A suitably qualified ecologist should be consulted to advise on the type, quantity and installation of the features, depending on the situation presented at each site.
Urbanisation of many cities has reduced the availability of food sources for many urban dwelling bird species. The installation and maintenance of bird feeders will provide a rich food source for birds when their need is at its greatest.
Feeders can be filled with seeds, nuts and fruit, or balls of fat can be hung to attract birds to specific locations.
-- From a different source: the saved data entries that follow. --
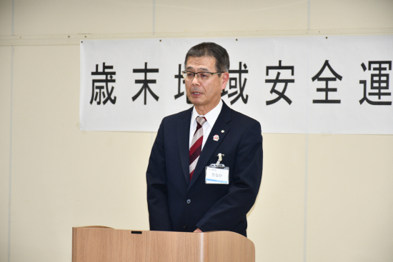 町地域安全推進協議会(池下藤吉郎会長)などで行う、歳末地域安全運動の出発式に出席しました。年末年始の、防犯対策等を町民の皆さんに呼び掛けるものです。池下会長は「飲酒運転、トラブルに気を付けて」とあいさつされました。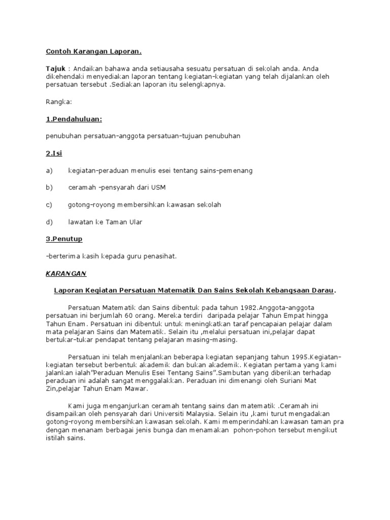 14 contoh karangan narasi tentang pendidikan, liburan, lingkungan, guru, sekolah juga pengalaman pribadi adalah karangan yang cerita untuk pembahasan kali ini kami akan memberikan ulasan mengenai contoh karangan narasi yang dimana dalam hal ini meliputi contoh tentang. Contoh karangan laporan tahun 6 contoh 84 mp3 & mp4. By guru rizalposted on march 27, 2021. Ketahui cara membuat laporan keuangan dari contoh laporan keuangan berikut ini. Contoh karangan cerita untuk upsr. Saya hanya di rumah melakukan kegiatan seperti biada kecuali pergi ke sekolah. Learning port interactive (lpi) merupakan portal pembelajaran yang dibina selaras dengan keperluan silibus pelajar tahun 1 hingga tingkatan 5. Sebab, laporan keuangan dibutuhkan untuk mengetahui kewajiban pajak yang harus dibayar dan digunakan untuk melaporkan spt tahunan pph badan maupun pribadi pengusaha. Contoh karangan ucapan perpisahan tahun 6, contoh karangan english tahun 6, contoh karangan nilai murni tahun 6, contoh karangan tamil tahun 6 contoh karangan jenis laporan. Pada 5 mac yang lalu, sekolah kebangsaan bandar baru selayang telah mengadakan. Akan tetapi, usianya dapat mencapai 50 tahun karena komponen struktur memakai beton. Laporan yang ditaip dengan komputer boleh disimpan, dibetulkan dan dicetak. Contoh karangan eksposisi tentang laporan.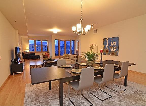 Downtown dream home is realized, Soaring 10 FT ceilings, Gourmet Kitchen, Maple Floors throughout, Private Balcony w/amazing city views. High demand 5th Ave Lofts building. First floor market, 3 Block walk to Twins Stadium. Home was built about 6 mo ago.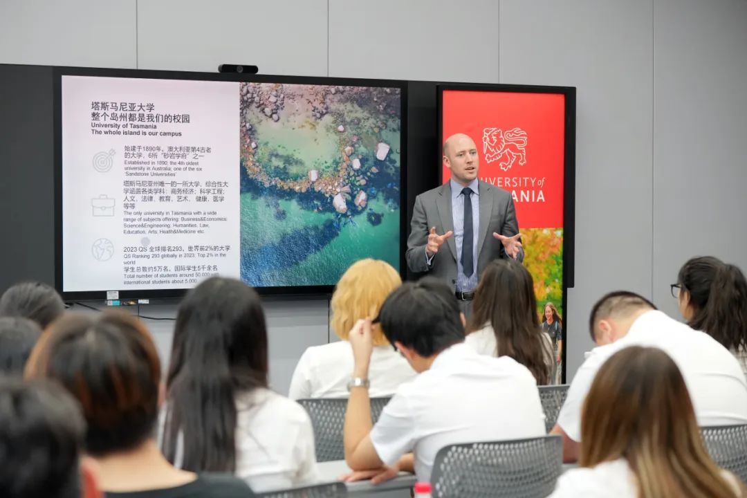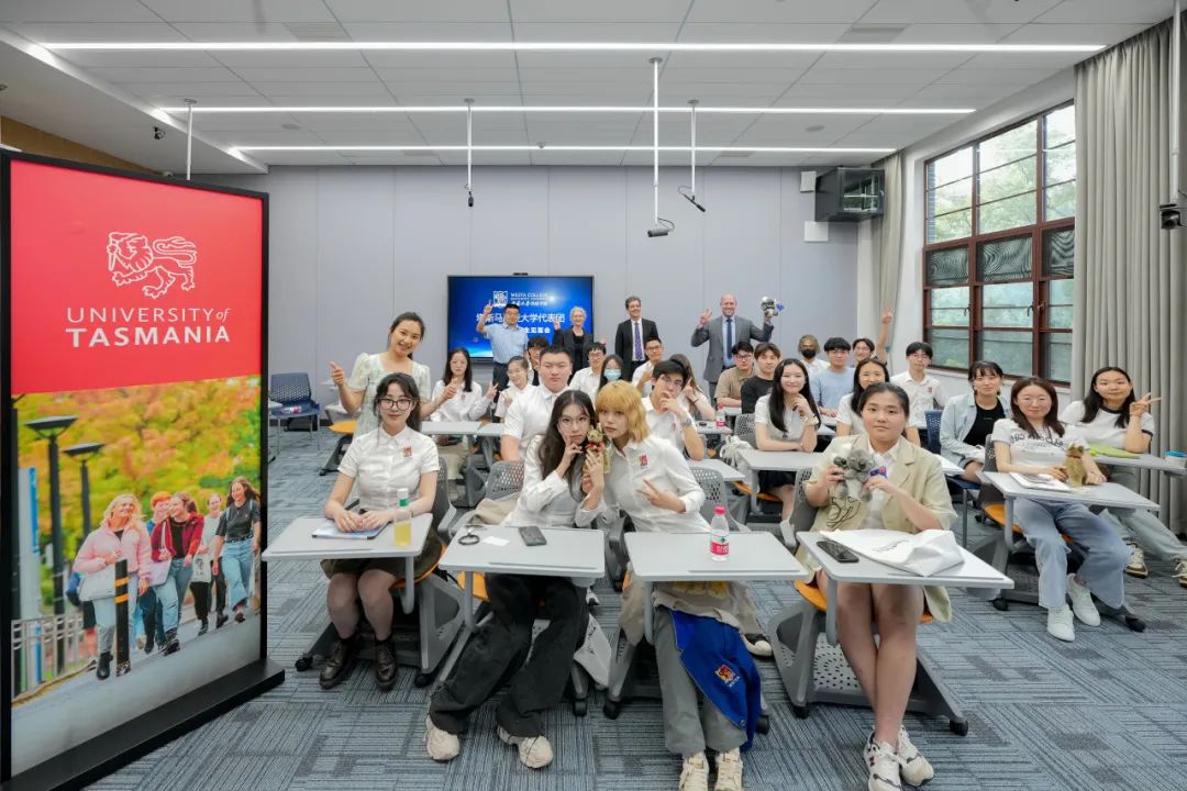 随后,塔斯马尼亚大学副校长Rob Wilson一行还与在校的电子信息工程、食品质量与安全专业的部分同学见面交流,为同学们详细介绍了塔大的办学历史、教学科研、师资力量、学生服务、城市环境等情况,并现场解答同学们有关在塔大学习生活等方面的疑问,热切欢迎同学们前往塔大学习。本次访问取得了圆满成功。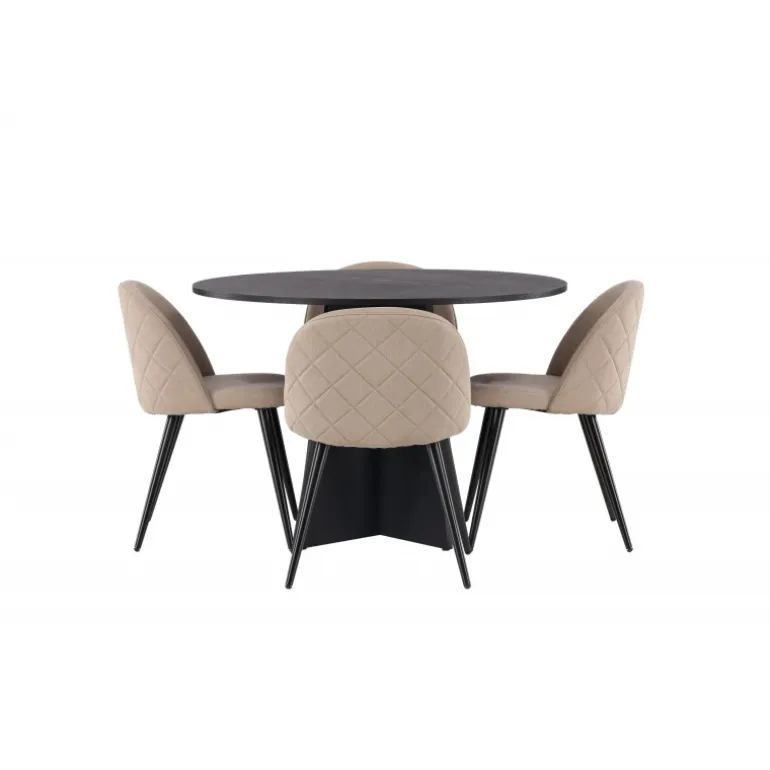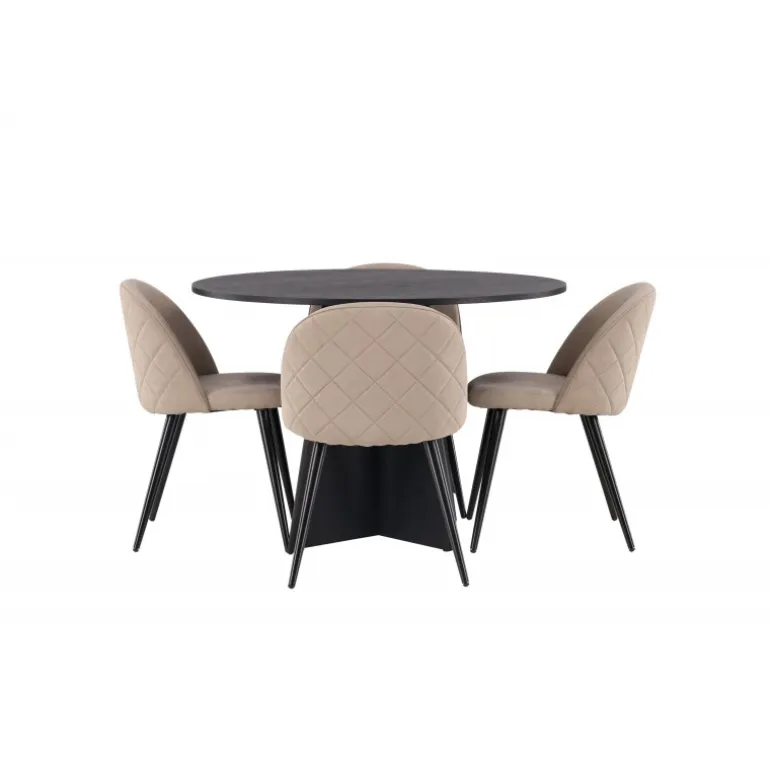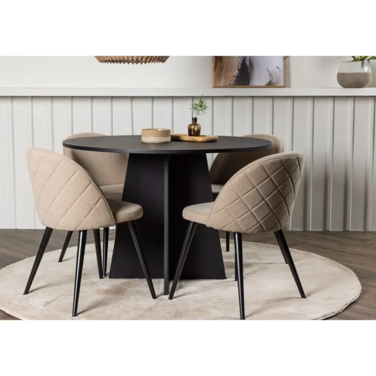 Skab et blikfang, der imponerer! Det runde spisebord Bootcut i en konsekvent sort farve har en bordplade i MDF med finer og en designrig ramme, der giver et dejligt indtryk til helheden. Her i en trend-sikker kombination med spisebordsstole fra Velvet Stitches-serien. Stolens ryg er afrundet og ligesom sædet, er det blødt polstret i beige fløjl og polyesterlinned med dekorative syninger og skakmønstre på bagsiden. Benene er let udadgående i sort jern og giver et stabilt indtryk. Her får du en smagfuld kombination af stil og bekvemmelighed! Bordets dimensioner: 110 cm.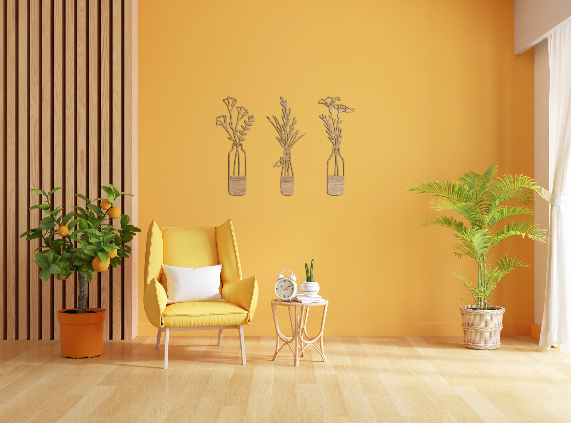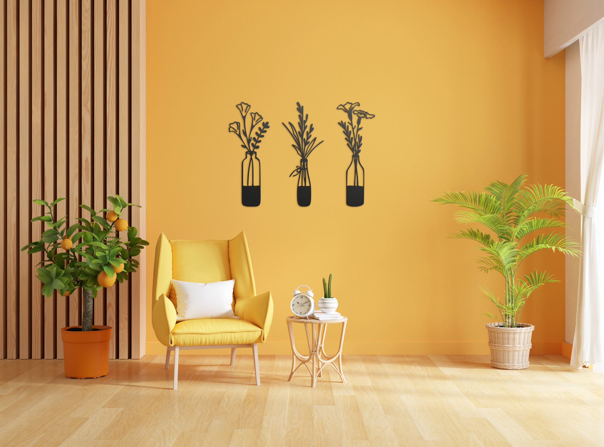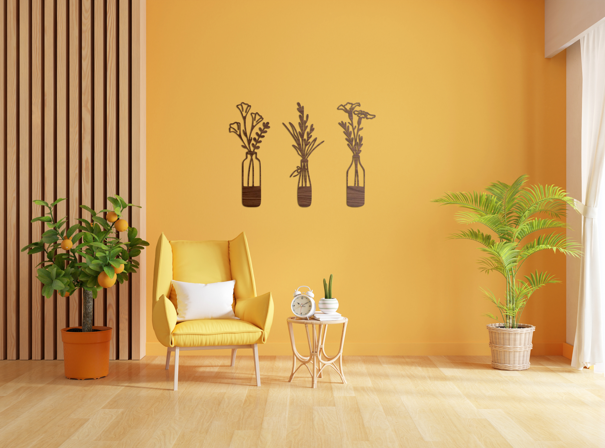 "Aki a virágot szereti, rossz ember nem lehet" tartja a mondás. A mi HDF lemezből lézervágott mintáink pedig egész évben virágzanak. Dobd fel nappalid üres falát, vagy vigyél egy vázányi vidámságot az ebédlőbe! Ideális választás kisebb helyiségekbe, ahol nincs hely valódi vázával dekorálni, azonban a sima 2 dimenziós falmatricáktól különlegsebb dekorációt szeretnél. A feltüntetett szélesség az egész szettre, a fotókon illusztrált elrendezésre vonatkozik, azonban az elemeket saját ízlésednek megfelelően, akár külön helyiségekben is elhelyezheted. Lehetőségeidnek csak a képzeleted szab határt. Az ár a teljes szettre értendő.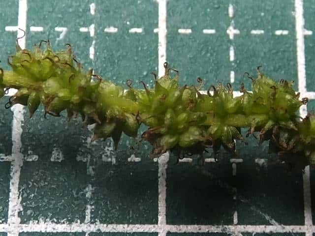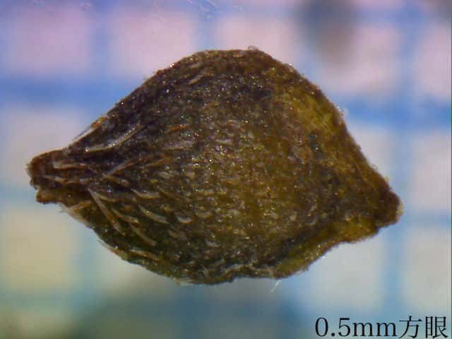 | ▼果実は花被に包まれ、長さ1.5〜2mm。 | ▼花被を除いた果実、長さ約1mm。 | |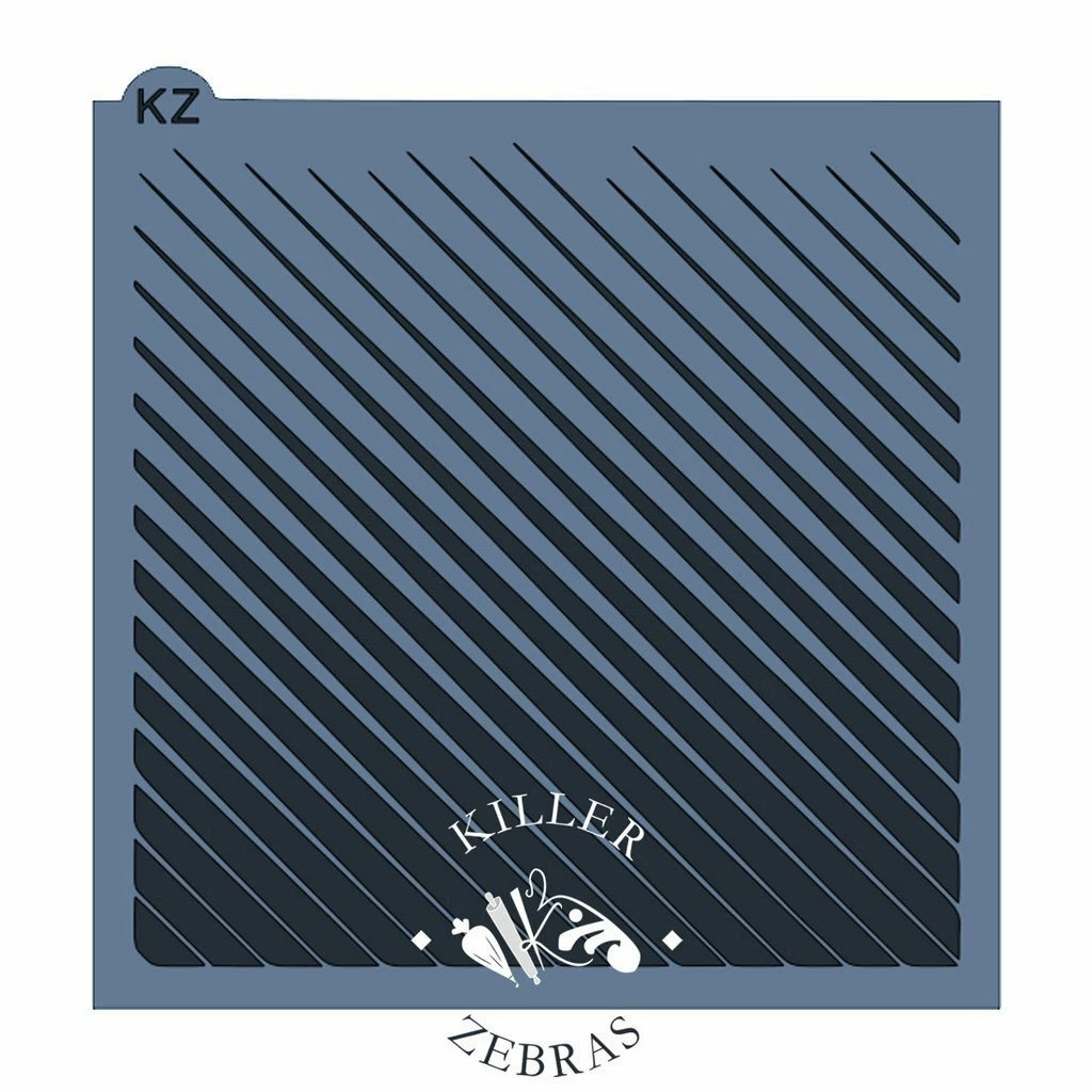 Ombre Stripes KZ stencil.  Use stencils to quickly and easily enhance the designs of your cookies!  All stencils are made from reusable food grade plastic that is 7.5 mil thick. Stencil measures 5.5″ x 5.5″.  Hand wash gently with soap and water. Lay flat to dry. Made by Killer Zebras.

Bird feeders can be purchased and put up straight away, or they can be created from recyclable materials, providing opportunities for local engagement and education.
The provision of artificial bat roosts will encourage bats to colonise in urban areas and should be placed in areas which are likely to remain undisturbed by human actions for the foreseeable future.
Bat boxes either come in the form of attachable boxes which can be retrofitted to the external façade of a building, or hollowed bricks/units which can form part of the structure of a building, with holes facing out to allow bats to enter and exit the roosts.
The roosts can be designed for a few bats, or for entire colonies, with a range of specifications to suit the different situations presented at each building.
A suitably qualified ecologist should be consulted to advise on the box type, quantity, location, and the aspect of installation depending on the situation presented for each site.